Я же свой первый роман написал в двадцать три, примерно через год, как вышел с балкона третьего этажа. Не выбросился, не выпал — именно вышел. Когда девушка из Рыбинска отвергла меня, просто ушёл.
Очнулся только в больнице.
Именно так выглядит аффект — я отнюдь не думал о самоубийстве, просто должен был уйти. Всё равно куда.
Писать я начал уже в стационаре, где провёл полгода. Выписался с готовым (на тот момент — в голове) романом, но с навсегда искалеченной правой ногой. О карьере футбольного вратаря пришлось забыть. Хотя тренер бы из меня вышел отменный. Тренерской работе я предпочёл поиски пропущенного, плохо запомненного, прогулянного — всего того, что не может закончиться никогда, потому что никто не может осиротеть словами. Именно так я тогда думал.
И совсем не был готов к глобальной оптимизации слов — к объявленной эре «чирика».
Первыми, конечно, откликнулись социальные сети. Твиттер сократил сообщения до двадцати символов. Фейсбук ответил пятнадцатью. ТикТок — десятью.
Война алгоритмов. Сжатие. Компрессия. Эссенция. Усушка. Утруска.

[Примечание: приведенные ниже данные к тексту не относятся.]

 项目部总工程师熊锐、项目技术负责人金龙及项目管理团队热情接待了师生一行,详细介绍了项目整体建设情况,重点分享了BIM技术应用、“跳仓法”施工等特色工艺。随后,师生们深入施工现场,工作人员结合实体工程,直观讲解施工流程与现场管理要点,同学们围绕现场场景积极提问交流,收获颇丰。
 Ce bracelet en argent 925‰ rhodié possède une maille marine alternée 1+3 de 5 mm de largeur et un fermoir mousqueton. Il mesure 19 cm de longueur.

О́динСлова появился чуть позже — сеть разрешала пользователям публиковать только одно слово один раз в час. И я, шагнувший из своих многословных страниц, неуклюжий, немолчный, грешивший словесными излишествами, стал глашатаем минимализма. Автором однословных шедевров, похожих на высохшие чайные пакетики. Куда деваться, если слова — единственный твой заработок? Кроме небольшой пенсии по инвалидности.
Что же ты, Лев Николаевич? Все твои наволочки вытравлены хлоркой — ни одного узора. К чему теперь прикасаться нежным детским ухом, ложась спать? По чему водить пальцем, что прикрывать ладошкой?

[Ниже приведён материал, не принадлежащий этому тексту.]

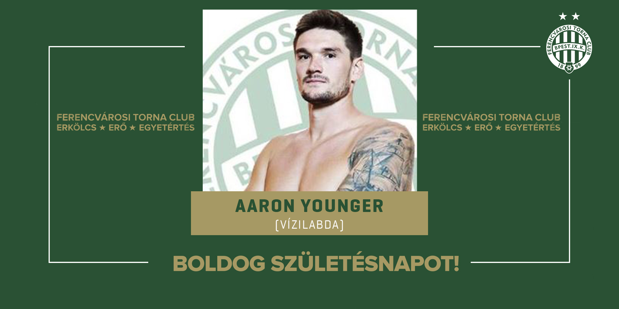 Ma ünnepli 32. születésnapját korábbi vízilabdázónk, Aaron Younger! Az ausztrál válogatott játékos 2018 és 2020 között egy-egy bajnoki címet és Magyar Kupát és két Euro Kupát nyert a Fradival, illetve tagja volt a klub történetének első Bajnokok Ligája-győzelmét szerző együttesnek.

Если бы мне не было страшно — я бы не стал писать, что со мной произошло. Всё это чревато. Может, лучше дать прорасти сквозь себя кусту шиповника. Это больно. Но это так же больно, как молчать.
Я писатель — и люблю нелепое, глупое, сломанное, валяющееся на обочине, погибающее. Как если бы в этом было спасение, отвоёванное у мёртвой воды: утопленница-речь.
Вот и смотришь ночью на светящиеся строчки, как на свои руки, пот, исподнее, слёзы, бессонницу. Вот и думаешь: «Одни-то вы и остались у меня». Обманываешь себя: ну, слова-то только бог может отобрать. Гомер молчит. Лишь изредка, сквозь сон, хлюпает по водной ряби неожиданно очнувшееся весло какого-нибудь из кораблей.
Кто сейчас прочтёт весь корабельный список? Редкий зубрила. Несмотря на то, что по-прежнему звякают цепочки на дверях, хлопают слепые форточки в заброшках, поют Битлз, бесшумно закрывает глаза жучок под корой дерева, а у зайца вывернуто ветром ухо. Он так и бежит с заломленным ухом, по раннему снегу, не в силах остановиться, лишь иногда замирает на секунду — как точка. Точно чувствует: пейзаж без зайца смотрится горько. Почти так же горько, как ветер в пустом доме. Как ненужные вещи. Как выброшенные фотографии. Как измятая, порванная жизнь.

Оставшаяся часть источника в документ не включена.